Index: head/UPDATING
===================================================================
--- head/UPDATING
+++ head/UPDATING
@@ -31,6 +31,11 @@
 	disable the most expensive debugging functionality run
 	"ln -s 'abort:false,junk:false' /etc/malloc.conf".)
 
+20190608:
+	A fix was applied to i386 kernel modules to avoid panics with
+	dpcpu or vnet.  Users need to recompile i386 kernel modules
+	having pcpu or vnet sections or they will refuse to load.
+
 20190513:
 	User-wired pages now have their own counter,
 	vm.stats.vm.v_user_wire_count.  The vm.max_wired sysctl was renamed
Index: head/sys/conf/kmod.mk
===================================================================
--- head/sys/conf/kmod.mk
+++ head/sys/conf/kmod.mk
@@ -242,7 +242,13 @@
 .else
 ${FULLPROG}: ${OBJS}
 .endif
+.if !defined(FIRMWS) && (${MACHINE_CPUARCH} == "i386")

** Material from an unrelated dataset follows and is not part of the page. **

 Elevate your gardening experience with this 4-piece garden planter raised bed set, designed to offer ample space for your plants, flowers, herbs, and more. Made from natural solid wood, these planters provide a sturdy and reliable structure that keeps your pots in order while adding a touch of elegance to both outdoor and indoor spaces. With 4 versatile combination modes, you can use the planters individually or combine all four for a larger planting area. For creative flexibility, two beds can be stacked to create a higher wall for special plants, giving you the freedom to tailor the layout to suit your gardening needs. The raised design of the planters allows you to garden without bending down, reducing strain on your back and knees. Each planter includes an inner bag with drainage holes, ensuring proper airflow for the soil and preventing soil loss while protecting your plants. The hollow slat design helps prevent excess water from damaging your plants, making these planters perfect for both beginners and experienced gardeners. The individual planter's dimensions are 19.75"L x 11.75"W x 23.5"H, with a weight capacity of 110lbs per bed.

+	${LD} -m ${LD_EMULATION} ${_LDFLAGS} -r \
+	    -T ${SYSDIR}/conf/ldscript.set_padding \
+	    -d -o ${.TARGET} ${OBJS}
+.else
 	${LD} -m ${LD_EMULATION} ${_LDFLAGS} -r -d -o ${.TARGET} ${OBJS}
+.endif
 .if ${MK_CTF} != "no"
 	${CTFMERGE} ${CTFFLAGS} -o ${.TARGET} ${OBJS}
 .endif
Index: head/sys/conf/ldscript.set_padding
===================================================================
--- head/sys/conf/ldscript.set_padding
+++ head/sys/conf/ldscript.set_padding
@@ -0,0 +1,46 @@
+/*-
+ * SPDX-License-Identifier: BSD-2-Clause
+ *
+ * Copyright (c) 2018 Bjoern A. Zeeb
+ *
+ * Redistribution and use in source and binary forms, with or without
+ * modification, are permitted provided that the following conditions
+ * are met:
+ * 1. Redistributions of source code must retain the above copyright
+ *    notice, this list of conditions and the following disclaimer.

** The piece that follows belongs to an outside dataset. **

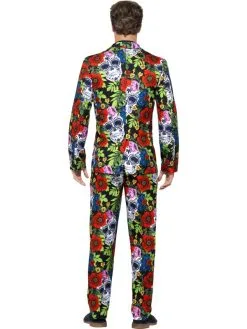 Day of the Dead Net Herenpak Halloween. Inbegrepen is de all-over print broek, het colbert jasje en de stropdas. Geen saaie pakken meer naar je feestjes of je werk? Met onze nieuwe hippe geprinte herenpakken valt u gegarandeerd op. De pakken vallen redelijk groot uit, bij twijfel adviseren wij de kleinere maat te kiezen Wij verkopen ook het bijpassende dames kostuum.
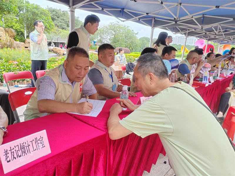 在活動現場,有一隊“志愿馬甲”格外亮眼,他們是來自廣東省信訪春雨志愿服務隊、廣州“穗信連心”志愿服務隊的信訪志愿者,以及來自大德、穗星、廣愛、普愛、北斗星等社工服務機構的信訪社工。他們身著各自特色標識服裝,在現場“擺攤設點”,面對面服務群眾,對有疑問的群眾提供現場咨詢,對有訴求的群眾幫助梳理訴求,以真誠溝通、真情服務換來群眾的滿意點贊。

+ * 2. Redistributions in binary form must reproduce the above copyright
+ *    notice, this list of conditions and the following disclaimer in the
+ *    documentation and/or other materials provided with the distribution.
+ *
+ * THIS SOFTWARE IS PROVIDED BY THE AUTHOR AND CONTRIBUTORS ``AS IS'' AND
+ * ANY EXPRESS OR IMPLIED WARRANTIES, INCLUDING, BUT NOT LIMITED TO, THE
+ * IMPLIED WARRANTIES OF MERCHANTABILITY AND FITNESS FOR A PARTICULAR PURPOSE
+ * ARE DISCLAIMED.  IN NO EVENT SHALL THE AUTHOR OR CONTRIBUTORS BE LIABLE
+ * FOR ANY DIRECT, INDIRECT, INCIDENTAL, SPECIAL, EXEMPLARY, OR CONSEQUENTIAL
+ * DAMAGES (INCLUDING, BUT NOT LIMITED TO, PROCUREMENT OF SUBSTITUTE GOODS
+ * OR SERVICES; LOSS OF USE, DATA, OR PROFITS; OR BUSINESS INTERRUPTION)
+ * HOWEVER CAUSED AND ON ANY THEORY OF LIABILITY, WHETHER IN CONTRACT, STRICT
+ * LIABILITY, OR TORT (INCLUDING NEGLIGENCE OR OTHERWISE) ARISING IN ANY WAY
+ * OUT OF THE USE OF THIS SOFTWARE, EVEN IF ADVISED OF THE POSSIBILITY OF
+ * SUCH DAMAGE.
+ *
+ * $FreeBSD$
+ */
+SECTIONS
+{
+	set_pcpu	:
+	{
+		*(set_pcpu)
+		LONG(0x90909090) ;
+	}
+}
+
+SECTIONS
+{
+	set_vnet	:
+	{
+		*(set_vnet)
+		LONG(0x90909090) ;
+	}
+}
+/* end */
Index: head/sys/kern/link_elf.c
===================================================================
--- head/sys/kern/link_elf.c
+++ head/sys/kern/link_elf.c
@@ -615,10 +615,14 @@
 	return (0);
 }
 
+#define	LS_PADDING	0x90909090
 static int
 parse_dpcpu(elf_file_t ef)
 {
 	int error, size;
+#if defined(__i386__)
+	uint32_t pad;
+#endif
 
 	ef->pcpu_start = 0;
 	ef->pcpu_stop = 0;
@@ -631,6 +635,26 @@
 	/* Empty set? */
 	if (size < 1)
 		return (0);
+#if defined(__i386__)
+	/* In case we do find __start/stop_set_ symbols double-check. */
+	if (size < 4) {
+		uprintf("Kernel module '%s' must be recompiled with "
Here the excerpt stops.